• What the task asks: Would you return the complete listing below word for word?

• Excerpted records:
*-*-*

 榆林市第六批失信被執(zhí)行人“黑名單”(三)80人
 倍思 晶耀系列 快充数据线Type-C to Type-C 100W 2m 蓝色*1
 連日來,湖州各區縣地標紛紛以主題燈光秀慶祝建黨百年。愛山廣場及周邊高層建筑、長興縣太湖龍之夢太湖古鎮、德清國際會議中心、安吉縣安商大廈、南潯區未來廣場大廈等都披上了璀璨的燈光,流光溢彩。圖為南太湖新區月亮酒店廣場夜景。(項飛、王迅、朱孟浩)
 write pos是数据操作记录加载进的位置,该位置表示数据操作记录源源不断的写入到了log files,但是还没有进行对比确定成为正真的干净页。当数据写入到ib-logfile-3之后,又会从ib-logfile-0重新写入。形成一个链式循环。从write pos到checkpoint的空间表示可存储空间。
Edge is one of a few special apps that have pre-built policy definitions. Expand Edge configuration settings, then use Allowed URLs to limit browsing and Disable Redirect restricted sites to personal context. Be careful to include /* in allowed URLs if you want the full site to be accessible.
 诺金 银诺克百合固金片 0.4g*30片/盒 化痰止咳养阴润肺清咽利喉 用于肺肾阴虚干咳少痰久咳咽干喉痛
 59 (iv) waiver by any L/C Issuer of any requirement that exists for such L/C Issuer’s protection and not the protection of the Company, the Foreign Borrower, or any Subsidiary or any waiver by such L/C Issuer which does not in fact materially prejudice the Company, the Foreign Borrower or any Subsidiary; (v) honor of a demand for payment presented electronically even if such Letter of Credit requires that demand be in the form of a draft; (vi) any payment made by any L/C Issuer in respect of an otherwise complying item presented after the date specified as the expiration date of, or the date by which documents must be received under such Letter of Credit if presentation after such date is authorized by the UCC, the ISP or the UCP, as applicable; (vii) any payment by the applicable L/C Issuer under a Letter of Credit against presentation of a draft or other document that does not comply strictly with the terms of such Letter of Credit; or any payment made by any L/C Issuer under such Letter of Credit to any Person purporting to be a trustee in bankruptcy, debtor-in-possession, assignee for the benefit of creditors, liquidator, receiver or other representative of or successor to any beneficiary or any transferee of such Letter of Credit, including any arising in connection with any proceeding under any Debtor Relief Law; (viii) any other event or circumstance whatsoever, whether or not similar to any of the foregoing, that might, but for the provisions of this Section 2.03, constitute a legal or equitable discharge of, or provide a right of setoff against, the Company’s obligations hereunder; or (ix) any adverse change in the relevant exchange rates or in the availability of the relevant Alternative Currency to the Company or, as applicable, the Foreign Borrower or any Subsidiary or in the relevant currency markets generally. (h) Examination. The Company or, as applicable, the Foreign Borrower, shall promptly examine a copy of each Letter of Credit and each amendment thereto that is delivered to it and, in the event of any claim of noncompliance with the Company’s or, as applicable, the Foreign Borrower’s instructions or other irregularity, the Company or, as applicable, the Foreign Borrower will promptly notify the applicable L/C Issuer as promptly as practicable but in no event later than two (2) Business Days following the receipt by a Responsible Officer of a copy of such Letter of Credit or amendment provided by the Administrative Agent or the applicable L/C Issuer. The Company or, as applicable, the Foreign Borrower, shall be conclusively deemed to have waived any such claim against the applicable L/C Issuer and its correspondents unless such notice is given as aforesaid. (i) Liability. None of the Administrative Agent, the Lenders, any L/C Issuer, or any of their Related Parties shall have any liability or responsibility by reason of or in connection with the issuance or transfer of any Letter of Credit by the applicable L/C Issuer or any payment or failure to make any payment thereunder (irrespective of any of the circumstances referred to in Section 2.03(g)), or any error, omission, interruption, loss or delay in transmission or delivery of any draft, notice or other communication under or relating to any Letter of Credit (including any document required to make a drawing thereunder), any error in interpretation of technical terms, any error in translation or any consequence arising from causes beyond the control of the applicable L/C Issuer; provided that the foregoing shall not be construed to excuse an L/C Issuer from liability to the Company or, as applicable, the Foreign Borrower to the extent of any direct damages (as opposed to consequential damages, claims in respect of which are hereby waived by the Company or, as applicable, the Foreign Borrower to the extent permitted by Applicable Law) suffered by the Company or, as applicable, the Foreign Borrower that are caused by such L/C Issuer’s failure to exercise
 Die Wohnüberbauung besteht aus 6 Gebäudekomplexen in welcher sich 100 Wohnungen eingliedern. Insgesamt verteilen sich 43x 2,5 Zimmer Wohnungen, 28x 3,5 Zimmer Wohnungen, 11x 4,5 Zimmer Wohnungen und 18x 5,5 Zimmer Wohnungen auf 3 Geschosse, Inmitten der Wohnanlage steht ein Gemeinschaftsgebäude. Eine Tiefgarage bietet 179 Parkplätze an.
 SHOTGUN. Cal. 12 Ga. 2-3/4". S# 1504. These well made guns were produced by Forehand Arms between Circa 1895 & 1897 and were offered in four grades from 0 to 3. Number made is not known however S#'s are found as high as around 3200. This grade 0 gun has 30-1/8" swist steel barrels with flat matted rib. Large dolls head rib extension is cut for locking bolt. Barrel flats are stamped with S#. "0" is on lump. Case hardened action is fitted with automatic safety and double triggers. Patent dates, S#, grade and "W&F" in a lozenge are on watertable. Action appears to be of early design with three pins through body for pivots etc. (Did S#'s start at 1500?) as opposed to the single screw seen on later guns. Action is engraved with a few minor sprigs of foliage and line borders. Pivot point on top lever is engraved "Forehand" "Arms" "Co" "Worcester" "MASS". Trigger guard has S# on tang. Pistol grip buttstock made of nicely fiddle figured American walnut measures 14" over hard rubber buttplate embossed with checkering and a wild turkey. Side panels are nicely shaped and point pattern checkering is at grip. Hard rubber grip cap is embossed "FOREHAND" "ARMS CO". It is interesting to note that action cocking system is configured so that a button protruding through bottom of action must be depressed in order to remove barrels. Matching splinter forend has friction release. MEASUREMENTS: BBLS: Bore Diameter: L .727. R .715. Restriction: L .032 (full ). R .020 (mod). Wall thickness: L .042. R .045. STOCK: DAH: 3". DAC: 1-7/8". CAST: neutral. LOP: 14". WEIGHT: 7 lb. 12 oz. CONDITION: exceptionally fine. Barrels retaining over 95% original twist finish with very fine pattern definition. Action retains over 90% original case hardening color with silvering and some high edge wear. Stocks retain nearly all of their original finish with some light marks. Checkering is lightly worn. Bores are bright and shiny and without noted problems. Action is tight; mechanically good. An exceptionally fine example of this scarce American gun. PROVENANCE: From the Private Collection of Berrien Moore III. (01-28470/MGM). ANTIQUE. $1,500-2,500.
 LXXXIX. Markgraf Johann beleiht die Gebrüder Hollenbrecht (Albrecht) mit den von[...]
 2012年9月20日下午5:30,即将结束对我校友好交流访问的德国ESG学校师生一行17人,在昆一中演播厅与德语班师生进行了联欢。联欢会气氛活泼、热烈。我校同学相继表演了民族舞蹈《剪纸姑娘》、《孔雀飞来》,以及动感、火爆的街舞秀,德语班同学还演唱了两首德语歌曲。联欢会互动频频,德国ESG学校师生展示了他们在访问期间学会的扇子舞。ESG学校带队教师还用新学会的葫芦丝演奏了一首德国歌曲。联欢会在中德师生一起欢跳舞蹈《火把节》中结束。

*-*-*

• Answer to this problem:
 榆林市第六批失信被執(zhí)行人“黑名單”(三)80人
 倍思 晶耀系列 快充数据线Type-C to Type-C 100W 2m 蓝色*1
 連日來,湖州各區縣地標紛紛以主題燈光秀慶祝建黨百年。愛山廣場及周邊高層建筑、長興縣太湖龍之夢太湖古鎮、德清國際會議中心、安吉縣安商大廈、南潯區未來廣場大廈等都披上了璀璨的燈光,流光溢彩。圖為南太湖新區月亮酒店廣場夜景。(項飛、王迅、朱孟浩)
 write pos是数据操作记录加载进的位置,该位置表示数据操作记录源源不断的写入到了log files,但是还没有进行对比确定成为正真的干净页。当数据写入到ib-logfile-3之后,又会从ib-logfile-0重新写入。形成一个链式循环。从write pos到checkpoint的空间表示可存储空间。
Edge is one of a few special apps that have pre-built policy definitions. Expand Edge configuration settings, then use Allowed URLs to limit browsing and Disable Redirect restricted sites to personal context. Be careful to include /* in allowed URLs if you want the full site to be accessible.
 诺金 银诺克百合固金片 0.4g*30片/盒 化痰止咳养阴润肺清咽利喉 用于肺肾阴虚干咳少痰久咳咽干喉痛
 59 (iv) waiver by any L/C Issuer of any requirement that exists for such L/C Issuer’s protection and not the protection of the Company, the Foreign Borrower, or any Subsidiary or any waiver by such L/C Issuer which does not in fact materially prejudice the Company, the Foreign Borrower or any Subsidiary; (v) honor of a demand for payment presented electronically even if such Letter of Credit requires that demand be in the form of a draft; (vi) any payment made by any L/C Issuer in respect of an otherwise complying item presented after the date specified as the expiration date of, or the date by which documents must be received under such Letter of Credit if presentation after such date is authorized by the UCC, the ISP or the UCP, as applicable; (vii) any payment by the applicable L/C Issuer under a Letter of Credit against presentation of a draft or other document that does not comply strictly with the terms of such Letter of Credit; or any payment made by any L/C Issuer under such Letter of Credit to any Person purporting to be a trustee in bankruptcy, debtor-in-possession, assignee for the benefit of creditors, liquidator, receiver or other representative of or successor to any beneficiary or any transferee of such Letter of Credit, including any arising in connection with any proceeding under any Debtor Relief Law; (viii) any other event or circumstance whatsoever, whether or not similar to any of the foregoing, that might, but for the provisions of this Section 2.03, constitute a legal or equitable discharge of, or provide a right of setoff against, the Company’s obligations hereunder; or (ix) any adverse change in the relevant exchange rates or in the availability of the relevant Alternative Currency to the Company or, as applicable, the Foreign Borrower or any Subsidiary or in the relevant currency markets generally. (h) Examination. The Company or, as applicable, the Foreign Borrower, shall promptly examine a copy of each Letter of Credit and each amendment thereto that is delivered to it and, in the event of any claim of noncompliance with the Company’s or, as applicable, the Foreign Borrower’s instructions or other irregularity, the Company or, as applicable, the Foreign Borrower will promptly notify the applicable L/C Issuer as promptly as practicable but in no event later than two (2) Business Days following the receipt by a Responsible Officer of a copy of such Letter of Credit or amendment provided by the Administrative Agent or the applicable L/C Issuer. The Company or, as applicable, the Foreign Borrower, shall be conclusively deemed to have waived any such claim against the applicable L/C Issuer and its correspondents unless such notice is given as aforesaid. (i) Liability. None of the Administrative Agent, the Lenders, any L/C Issuer, or any of their Related Parties shall have any liability or responsibility by reason of or in connection with the issuance or transfer of any Letter of Credit by the applicable L/C Issuer or any payment or failure to make any payment thereunder (irrespective of any of the circumstances referred to in Section 2.03(g)), or any error, omission, interruption, loss or delay in transmission or delivery of any draft, notice or other communication under or relating to any Letter of Credit (including any document required to make a drawing thereunder), any error in interpretation of technical terms, any error in translation or any consequence arising from causes beyond the control of the applicable L/C Issuer; provided that the foregoing shall not be construed to excuse an L/C Issuer from liability to the Company or, as applicable, the Foreign Borrower to the extent of any direct damages (as opposed to consequential damages, claims in respect of which are hereby waived by the Company or, as applicable, the Foreign Borrower to the extent permitted by Applicable Law) suffered by the Company or, as applicable, the Foreign Borrower that are caused by such L/C Issuer’s failure to exercise
 Die Wohnüberbauung besteht aus 6 Gebäudekomplexen in welcher sich 100 Wohnungen eingliedern. Insgesamt verteilen sich 43x 2,5 Zimmer Wohnungen, 28x 3,5 Zimmer Wohnungen, 11x 4,5 Zimmer Wohnungen und 18x 5,5 Zimmer Wohnungen auf 3 Geschosse, Inmitten der Wohnanlage steht ein Gemeinschaftsgebäude. Eine Tiefgarage bietet 179 Parkplätze an.
 SHOTGUN. Cal. 12 Ga. 2-3/4". S# 1504. These well made guns were produced by Forehand Arms between Circa 1895 & 1897 and were offered in four grades from 0 to 3. Number made is not known however S#'s are found as high as around 3200. This grade 0 gun has 30-1/8" swist steel barrels with flat matted rib. Large dolls head rib extension is cut for locking bolt. Barrel flats are stamped with S#. "0" is on lump. Case hardened action is fitted with automatic safety and double triggers. Patent dates, S#, grade and "W&F" in a lozenge are on watertable. Action appears to be of early design with three pins through body for pivots etc. (Did S#'s start at 1500?) as opposed to the single screw seen on later guns. Action is engraved with a few minor sprigs of foliage and line borders. Pivot point on top lever is engraved "Forehand" "Arms" "Co" "Worcester" "MASS". Trigger guard has S# on tang. Pistol grip buttstock made of nicely fiddle figured American walnut measures 14" over hard rubber buttplate embossed with checkering and a wild turkey. Side panels are nicely shaped and point pattern checkering is at grip. Hard rubber grip cap is embossed "FOREHAND" "ARMS CO". It is interesting to note that action cocking system is configured so that a button protruding through bottom of action must be depressed in order to remove barrels. Matching splinter forend has friction release. MEASUREMENTS: BBLS: Bore Diameter: L .727. R .715. Restriction: L .032 (full ). R .020 (mod). Wall thickness: L .042. R .045. STOCK: DAH: 3". DAC: 1-7/8". CAST: neutral. LOP: 14". WEIGHT: 7 lb. 12 oz. CONDITION: exceptionally fine. Barrels retaining over 95% original twist finish with very fine pattern definition. Action retains over 90% original case hardening color with silvering and some high edge wear. Stocks retain nearly all of their original finish with some light marks. Checkering is lightly worn. Bores are bright and shiny and without noted problems. Action is tight; mechanically good. An exceptionally fine example of this scarce American gun. PROVENANCE: From the Private Collection of Berrien Moore III. (01-28470/MGM). ANTIQUE. $1,500-2,500.
 LXXXIX. Markgraf Johann beleiht die Gebrüder Hollenbrecht (Albrecht) mit den von[...]
 2012年9月20日下午5:30,即将结束对我校友好交流访问的德国ESG学校师生一行17人,在昆一中演播厅与德语班师生进行了联欢。联欢会气氛活泼、热烈。我校同学相继表演了民族舞蹈《剪纸姑娘》、《孔雀飞来》,以及动感、火爆的街舞秀,德语班同学还演唱了两首德语歌曲。联欢会互动频频,德国ESG学校师生展示了他们在访问期间学会的扇子舞。ESG学校带队教师还用新学会的葫芦丝演奏了一首德国歌曲。联欢会在中德师生一起欢跳舞蹈《火把节》中结束。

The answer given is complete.